Return the lines below exactly, from the first one through the line that has "This comical stainless". Leave out everything after it.

/---

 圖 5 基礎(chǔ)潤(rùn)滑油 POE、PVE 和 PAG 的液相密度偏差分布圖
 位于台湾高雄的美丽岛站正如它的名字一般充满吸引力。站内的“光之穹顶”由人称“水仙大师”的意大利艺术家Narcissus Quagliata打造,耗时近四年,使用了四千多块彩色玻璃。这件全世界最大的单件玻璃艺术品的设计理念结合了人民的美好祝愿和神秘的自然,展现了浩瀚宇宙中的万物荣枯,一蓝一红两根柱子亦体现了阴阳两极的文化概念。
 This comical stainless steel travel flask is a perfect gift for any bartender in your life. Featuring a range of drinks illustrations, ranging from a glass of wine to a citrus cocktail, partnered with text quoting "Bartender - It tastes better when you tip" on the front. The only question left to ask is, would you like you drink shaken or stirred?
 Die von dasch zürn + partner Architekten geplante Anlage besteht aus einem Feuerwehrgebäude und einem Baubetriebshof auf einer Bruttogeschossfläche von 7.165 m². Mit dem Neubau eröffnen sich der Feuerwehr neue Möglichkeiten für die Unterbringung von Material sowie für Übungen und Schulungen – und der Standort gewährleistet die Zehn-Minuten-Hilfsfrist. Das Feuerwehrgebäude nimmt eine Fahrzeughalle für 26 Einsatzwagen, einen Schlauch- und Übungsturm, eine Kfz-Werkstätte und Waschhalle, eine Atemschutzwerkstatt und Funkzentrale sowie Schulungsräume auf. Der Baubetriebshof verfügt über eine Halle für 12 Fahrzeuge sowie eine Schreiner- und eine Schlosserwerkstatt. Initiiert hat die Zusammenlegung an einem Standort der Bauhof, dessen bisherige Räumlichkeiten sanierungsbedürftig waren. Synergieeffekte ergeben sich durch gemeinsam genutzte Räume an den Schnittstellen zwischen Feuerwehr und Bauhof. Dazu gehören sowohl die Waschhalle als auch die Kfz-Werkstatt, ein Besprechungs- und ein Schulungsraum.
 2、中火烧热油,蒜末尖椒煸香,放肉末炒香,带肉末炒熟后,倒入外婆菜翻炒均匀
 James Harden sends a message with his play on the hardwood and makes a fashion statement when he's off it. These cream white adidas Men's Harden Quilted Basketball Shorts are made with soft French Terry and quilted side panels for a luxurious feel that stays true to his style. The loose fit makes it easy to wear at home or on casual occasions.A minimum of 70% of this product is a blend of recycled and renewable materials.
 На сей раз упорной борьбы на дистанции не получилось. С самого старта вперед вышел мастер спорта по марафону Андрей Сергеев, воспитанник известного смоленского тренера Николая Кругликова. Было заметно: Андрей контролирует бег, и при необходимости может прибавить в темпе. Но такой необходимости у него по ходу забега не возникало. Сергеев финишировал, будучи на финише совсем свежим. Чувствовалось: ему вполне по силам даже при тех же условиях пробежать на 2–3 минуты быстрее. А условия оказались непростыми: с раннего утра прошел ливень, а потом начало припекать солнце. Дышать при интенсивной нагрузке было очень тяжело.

\---

» **RESULT FOR THIS TASK**:
 圖 5 基礎(chǔ)潤(rùn)滑油 POE、PVE 和 PAG 的液相密度偏差分布圖
 位于台湾高雄的美丽岛站正如它的名字一般充满吸引力。站内的“光之穹顶”由人称“水仙大师”的意大利艺术家Narcissus Quagliata打造,耗时近四年,使用了四千多块彩色玻璃。这件全世界最大的单件玻璃艺术品的设计理念结合了人民的美好祝愿和神秘的自然,展现了浩瀚宇宙中的万物荣枯,一蓝一红两根柱子亦体现了阴阳两极的文化概念。
 This comical stainless steel travel flask is a perfect gift for any bartender in your life. Featuring a range of drinks illustrations, ranging from a glass of wine to a citrus cocktail, partnered with text quoting "Bartender - It tastes better when you tip" on the front. The only question left to ask is, would you like you drink shaken or stirred?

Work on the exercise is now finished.